Thanks for the help, everyone.
Unfortunately I don't have any e-bike stores within about 150 miles of me and it will be awhile before I head out that way. The only three in KC are only wholesalers for trek, and I don't want to be limited by one brand (plus they seem more expensive).

The consensus among this group seems to be that It wouldn't be wise to make a purchase online without checking them out in person. Considering my situation, can anyone suggest a manufacturer that is the most reputable for both quality and warranty offerings?
 
I am biased because I have one. However, in another thread, I mentioned I probably would not get one again. Look at E-Glide. Honestly, the bike is perfectly fine. It has quality parts and is a quality build. What you want the bike to do is not what I want to do. The E-Glide is built for the street and to go off road. I would not call it a full on mountain bike, but it's more than capable. My needs, and this is why I would probably not get it again, is that I am 100% on the street. I am on an 8 lane road 95% of the trip and it has a nice bike lane. So for me, something that is 100% for the street is better.

The E-glide has front suspension that you can adjust. On the handlebar you can turn it off. It has seat suspension. It has a comfy seat that breathes! It has handlebars that are more straight than pulled back.

We got the bike with the Schwalbe Mondail tires. Those tires should give you an idea of the terrain that it can handle.

Court did a review on the bike and in the e-glide thread, you can see what a group of guys did with it.

The major complaint that people have and honestly, it is minor is that the range could be further because the bike has a 11amp battery. Now, one thing that you didn't mention was your commute time. We got two of these bikes, one for me, one for my wife. Lately I have been lazy and keeping it in the highest pedal assist (means it eats more battery) My commute is roughly 10-11 miles with a change of elevation of about 400 feet. As I mentioned, it's all road. So it is pretty much hauling butt. I tend to go three to four trips before I charge. The battery indicator shows it in increments of 20% and I have never run dry. My wifes commute is 20 miles round trip with about the same elevation change. She charges every other time. She rides a LOT slower than I do. I average a little more than 20mph. She averages 15mph.

The steps that we took when looking at bikes was simple. We built what we felt was needed.

1. Front suspension.
2. Throttle.
3. Comfortable.
4. Would meet our commute plus a little more if we wanted to go other places.

I was indifferent if it had a hub motor or mid-drive. I was indifferent if it had a chain or belt. I was indifferent into how it was geared.
I test drove a R&M Charger GT Vario HS. It was a mid-drive with a belt. It had no throttle. It had a variable electronic gear. It had suspension forks. OMG that bike is awesome. However, it was also over $6,300. The E-Glide is $1700. That bike made me realize I didn't need a throttle. I wanted the throttle for red-lights and stop signs. I just wanted to cross quickly.

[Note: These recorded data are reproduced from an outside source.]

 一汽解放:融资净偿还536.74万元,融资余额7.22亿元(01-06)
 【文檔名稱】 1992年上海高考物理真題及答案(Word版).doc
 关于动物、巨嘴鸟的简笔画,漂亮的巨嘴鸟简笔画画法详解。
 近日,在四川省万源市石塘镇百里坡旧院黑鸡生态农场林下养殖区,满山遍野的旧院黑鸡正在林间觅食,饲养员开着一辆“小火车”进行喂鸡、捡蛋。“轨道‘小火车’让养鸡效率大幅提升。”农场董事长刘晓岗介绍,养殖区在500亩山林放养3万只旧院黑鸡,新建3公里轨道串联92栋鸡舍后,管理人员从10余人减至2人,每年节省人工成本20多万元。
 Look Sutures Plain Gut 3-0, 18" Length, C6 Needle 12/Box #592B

The R&M handled that with no problem without a throttle.

I test drove a RadCity. The bike hit all the four points, but it was slow. It was also not quick. The throttle was weak.

The E-Glide compared to the R&M. Well, the R&M is built better. You can tell it's german :) The E-Glide is not a POS by any means, but the R&M, you can see why that bike is over 6k. I also think that the E-Glide is faster than the R&M. The E-Glide compared to the Rad. Well, the Rad has one major thing going for it that I have yet to see anywhere else. Rad has a FULL line of accessories that fit. Getting things to fit on other bikes . . . sort of hit and miss. The Rad was terrible with the throttle compared to E-Glide. The Rad also was slower than the E-Glide. The Rad was more comfortable because we were on the step-thru which has 45 degree handlebars. You sit pretty straight up and just cruise.

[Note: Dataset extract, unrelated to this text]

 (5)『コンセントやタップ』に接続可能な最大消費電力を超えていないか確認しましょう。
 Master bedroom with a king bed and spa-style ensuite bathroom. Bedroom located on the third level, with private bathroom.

So after all of this long rant. If I were in your shoes. I'd make sure I knew what I wanted my bike to do, what the range requirements are. You will not be able to get a bike that is strong in everything. That would be the jack of all trades, master of none. Then I would choose.

You can also pick up the phone and call David @ E-Glide. The guy is honest and sincere. Tell him what you want to do and he will tell you if the bike is for you or not. He seriously is awesome to deal with. If you watch the videos that Court did with him, that is who he is. Just super mellow and pleasant to deal with.
 
David gave some great info in that post

I think most of the bikes in your list are pretty good, interesting to hear david thought the radcity was slower, i have never ridden one
Think the radrover will be programmed faster than the city, meaning as far as quicker take off speed

Nothing wrong with fat tires for commuting etc but the bikes tend to be a little heavier and a little less nimble than smaller tires
They will smooth out bad roads for you

Rad power tends to have good customer service if needed, but i do think you will pay for labor if parts need swapping- unless you do it yourself
 
I just wanted to add one more thing.

You actually want to be picky. My belief on this is because you are spending YOUR money on an item. If it doesn't do what you want it to do it just becomes a place to hang clothes in your house. So be picky :) Figure out what you want to do so that you have a bike that you will actually use!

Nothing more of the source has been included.